E cosa accadde dunque ai Fanatici sediziosi? Il loro tempo verrà. Intanto Gesù Cristo, cinque o sei giorni prima della sua morte, prevedendo gli eccessi in cui questi emissari di Satana dovevano portare il loro furore e la rovina di Gerusalemme che ne sarebbe stato il seguito, gridò: Gerusalemme, Gerusalemme quante volte ho voluto raccogliere i tuoi figli, riunirli e tu non hai voluto! Il tempo si avvicina in cui le vostre case e le vostre città saranno lasciate deserte! ... Se mai il Fanatismo dovette essere funesto alla Chiesa, non fu in questa rivoluzione del Trono e del Popolo Giudaico ? Essa era allora confusa, quantomeno nell’idea dei Pagani, con la Sinagoga dei Giudei.
I Romani e i loro Imperatori, facevano poca differenza tra l’una e l’altra Legge: noi passavamo tutti, Giudei e Cristiani, per adoratori di un solo Dio, per nemici degli Dei dell’Impero, essi guardavano i nostri miracoli come dei prestigi da incantatori, il credo dei nostri Martiri come la ferocia degli Zeloti: il nome stesso di Galilei, che essi ci davano per disprezzo, ispirava loro, nei nostri confronti, lo stesso orrore che per i Galilei ribelli, essi ci perseguitavano, infine, per gli stesse pretesti e con medesimo rigore.
Ma anche con il medesimo successo ? Tutto l’universo ne è testimone. Il Trono ed il Tempio dei Giudei, sconvolti dal Fanatismo, sono stati colpiti sotto le loro rovine senza essersi potuti più risollevare. Tutte le volte che essi hanno tentato uno sforzo per uscirne, hanno trovato il braccio degli Imperatori, o piuttosto quello di Dio, pronto a farli rientrare nella loro polvere. Cinquanta anni dopo la loro distruzione da parte di Tito, avendo voluto ancora una volta risollevarsi, sotto la guida di Barcocheba, che per Fanatismo scelse il suo nome, proclamandosi la stella di Giacobbe, promessa da Balaam per la liberazione dei Giudei, allora la loro rovina fu decisa da Adriano; più di centomila uomini furono ammazzati, più di mille villaggi demoliti. Adriano, confondendo l’innocente con il colpevole, volle estendere fino ai Cristiani l’odio che egli portava verso i Giudei.
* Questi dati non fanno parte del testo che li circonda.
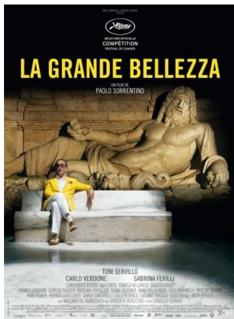
【グレート・ビューティー／追憶のローマ】 (元当館語学受講生)

最後に、見所をもう一つ付け加えておこう。そもそも私に仕事に来るはずだった観光ガイドの日本語指導なのだが、その成果や如何に…。イタリア人女優にとって、日本語を発音するというのはなかなか難しかったようで、映画の冒頭では、かなり苦労の跡が見られる。『グレート・ビューティー／追憶のローマ』は今年の秋から全国公開とのこと。他の場面も魅力的だが、冒頭の観光ガイドにも注目してみたい。

Egli fece quando in suo potere per sradicare i resti di questa odiosa Nazione, di levare persino le fondamenta dei loro castelli e dei loro luoghi; ma non fu in suo potere di scuotere la Chiesa di Cristo, di impedirle di stabilirsi nel cuore stesso di Roma e questo Dio Onnipotente che si serviva della mano dei Cesari per abolire la Religione dei Giudei, corrotta dal fanatismo, allo stesso tempo elevava con la sua mano la religione di Gesù Cristo sul Trono stesso dei Cesari e della Capitale del mondo idolatro e ne fece, suo malgrado, la Sede Perpetua dell’Impero della Fede.
Concludiamo dunque, miei cari Ascoltatori. Come terminò questo grande sforzo dell’inferno, questo progetto pernicioso di contraffare i miracoli degli Apostoli di Gesù Cristo e di screditare con l’impostura l’opera di Verità? Tutto questo non servì ad altro se non a liberare la Chiesa di Gesù Cristo dal più grande ostacolo che si opponeva alla sua installazione: questo ostacolo non era lo stato dei Giudei? Cosa fece Dio per annientarlo? Egli fece nascere il Fanatismo e questo Fanatismo, eccitato dal Demone per la rovina della Chiesa ebbe, per effetto divino, un effetto completamente opposto. Tanto è vero che il Fanatismo fu fatale solo ai nemici della Chiesa.
Quello che non era stato possibile ottenere con la Forza, fu ottenuto infine con l’Inganno.